= TASK DIRECTIONS =
Nothing but the lines below between the line holding "Featuring a sage" and the line holding "After terminating at", inclusive, should appear in the answer, each set down exactly.

= DATA TO EXAMINE =
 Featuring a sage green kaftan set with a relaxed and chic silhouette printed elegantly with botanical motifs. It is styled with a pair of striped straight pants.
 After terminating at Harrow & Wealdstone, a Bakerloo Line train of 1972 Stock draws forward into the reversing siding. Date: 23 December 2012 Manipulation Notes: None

==

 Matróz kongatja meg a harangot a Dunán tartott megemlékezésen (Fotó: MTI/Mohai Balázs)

= SOLVED EXERCISE =
 Featuring a sage green kaftan set with a relaxed and chic silhouette printed elegantly with botanical motifs. It is styled with a pair of striped straight pants.
 After terminating at Harrow & Wealdstone, a Bakerloo Line train of 1972 Stock draws forward into the reversing siding. Date: 23 December 2012 Manipulation Notes: None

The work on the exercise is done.